In March 2001, a jury convicted the defendant, Thomas Bradley Leigh, of unlawful possession of a firearm by a felon (720 ILCS 5/24— 1.1(a) (West 1998)). The charge stemmed from a routine traffic stop, during which officer Dennis Hout asked the defendant if there was anything in his pickup truck that would cause a police dog to alert and the defendant responded that a pistol belonging to his wife, Traci Leigh, was in the truck. The defendant appeals, arguing that the trial court erred in denying his motion to suppress, because Officer Hout’s question impermissibly expanded the scope of the stop. We reverse the trial court’s order denying the motion to suppress and reverse the defendant’s conviction.

I. BACKGROUND

On May 23, 1999, at approximately 9:25 in the evening, the defendant was driving to the store with his wife, Traci, to purchase some milk. Officer Hout observed that the defendant’s pickup truck had no rear license plate illumination light, and he pulled the defendant over. He was acquainted with both the defendant and Traci. Officer Hout asked the defendant for his driver’s license, registration, and proof of insurance, and he returned to his squad car to run the driver’s license through the dispatch computer. He also ran a criminal check on the defendant. The defendant and Traci remained in the truck while he was doing this. Officer Hout discovered that the defendant’s driver’s license was valid and that the defendant had a prior conviction for criminal damage to property dating from 1984.

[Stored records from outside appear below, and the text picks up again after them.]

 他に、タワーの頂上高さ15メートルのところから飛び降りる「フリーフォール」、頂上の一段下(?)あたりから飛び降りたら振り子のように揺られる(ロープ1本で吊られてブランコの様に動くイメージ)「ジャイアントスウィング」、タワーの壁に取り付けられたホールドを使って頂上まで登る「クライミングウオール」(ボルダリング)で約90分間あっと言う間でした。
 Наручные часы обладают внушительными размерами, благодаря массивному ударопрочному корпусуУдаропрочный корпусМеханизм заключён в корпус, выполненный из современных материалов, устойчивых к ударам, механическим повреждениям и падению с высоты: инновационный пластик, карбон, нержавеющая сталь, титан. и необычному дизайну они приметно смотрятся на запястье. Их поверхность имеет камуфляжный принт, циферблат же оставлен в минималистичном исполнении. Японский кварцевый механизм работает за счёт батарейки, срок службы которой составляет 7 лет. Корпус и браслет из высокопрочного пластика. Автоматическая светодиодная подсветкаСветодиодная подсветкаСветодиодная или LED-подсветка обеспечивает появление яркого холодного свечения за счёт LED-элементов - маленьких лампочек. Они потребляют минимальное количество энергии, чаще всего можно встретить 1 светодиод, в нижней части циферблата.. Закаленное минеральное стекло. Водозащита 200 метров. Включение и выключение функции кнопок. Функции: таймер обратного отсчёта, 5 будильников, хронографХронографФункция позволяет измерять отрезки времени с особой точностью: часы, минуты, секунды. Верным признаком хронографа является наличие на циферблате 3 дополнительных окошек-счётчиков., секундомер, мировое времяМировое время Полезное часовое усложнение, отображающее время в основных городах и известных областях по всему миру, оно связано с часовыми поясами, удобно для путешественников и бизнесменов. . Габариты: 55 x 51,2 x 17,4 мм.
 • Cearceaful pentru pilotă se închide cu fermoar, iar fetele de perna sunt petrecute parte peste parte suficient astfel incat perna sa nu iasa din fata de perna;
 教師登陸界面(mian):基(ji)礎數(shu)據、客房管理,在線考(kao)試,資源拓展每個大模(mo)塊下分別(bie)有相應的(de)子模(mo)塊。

Officer Hout asked the defendant to sit in the passenger’s seat of his squad car, which the defendant did. As Officer Hout finished writing the defendant a warning ticket for the failure to illuminate his registration (625 ILCS 5/12 — 201(c) (West 1998)), he asked the defendant if there was anything in the truck that would cause a police dog to alert were he to call a canine unit to the scene. According to Officer Hout’s testimony, the defendant responded that nothing in the truck that he was aware of would cause the dog to alert. Officer Hout stated, “You don’t sound too sure of yourself.” The defendant then said that his wife’s pistol was in the truck. The defendant’s version of the confrontation was slightly different. He testified as follows:

“And then he questioned me, [‘][I]s there anything in the car that a dog can — the dog would hit on[?][’] And I said[,] [‘][N]ot to my knowledge. [’] I said[:] [‘][T]he only thing I know of in there is my wife’s got her little gun with her. That’s all I know of.[’] He said, *494[‘][W]ell, you don’t sound too sure of yourself.!’] Well, how much more sure can you get?”

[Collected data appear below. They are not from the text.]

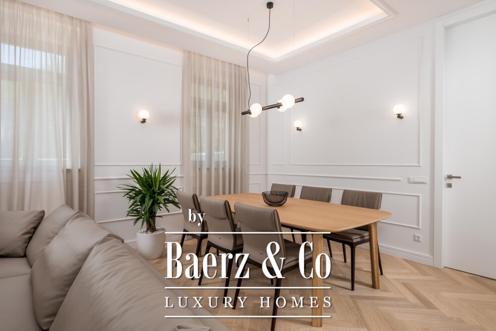 Appartement Opatija belichaamt verfijnd stedelijk wonen en biedt een zeldzaam uitzicht midden in het centrum van de stad. Deze recent gerenoveerde beganegrondwoning van 91,67 m² is met uiterste zorg voor kwaliteit en verhouding afgewerkt. Bij binnenkomst ontvouwt zich een royale hal die leidt naar de woonkamer; keuken en eetruimte zijn hier naadloos geïntegreerd, badend in natuurlijk licht en omkaderd door panoramische vergezichten over stad en zee.
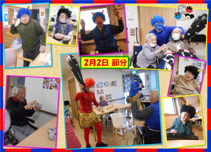 2月2日に節分行事を行いました。『鬼は~外!』の掛け声に合わせて鬼を追い払い、無病息災を祈願しました。
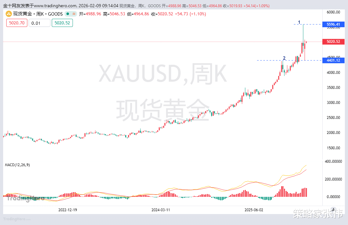 黄金周线级别来看,高点5600一线,低点4400一线,黄金上影线,黄金下引线,可以带来无尽的想象力。
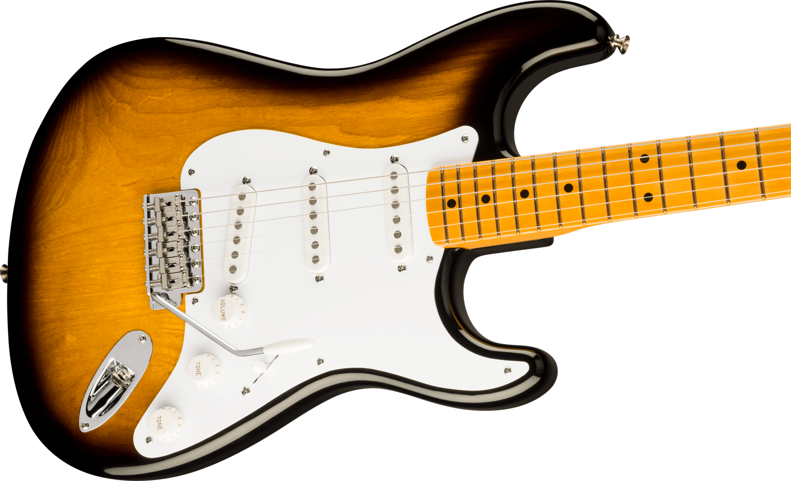 The 7.25”-radius fingerboard and vintage frets provide the comfortable playing feel of a cherished fifties Stratocaster.

It is undisputed that Traci Leigh was lawfully entitled to carry the pistol. Both she and the defendant testified that she carried it for protection from her physically abusive first husband. Both also testified that the defendant was not aware that Traci had brought the gun with her until they were at least halfway into town to go to the store.

Officer Hout told the defendant to remain in the squad car while he approached the passenger’s side of the pickup truck to obtain the pistol from Traci. He also called for backup at this point. The pistol, which was not loaded, was inside its holster under a jacket on the seat next to Traci’s left side. Traci handed the pistol, in its holster, to Officer Hout. She also gave him a clip of ammunition, which had been on the floorboard on her side of the truck. Officer Hout then placed the defendant under arrest.

The following day, the State charged the defendant by information with unlawful possession of a weapon by a felon. On August 26, 1999, the defendant filed a motion to suppress, contending that Officer Hout impermissibly exceeded the scope of the initial stop, in violation of the fourth amendment. The trial court denied the motion.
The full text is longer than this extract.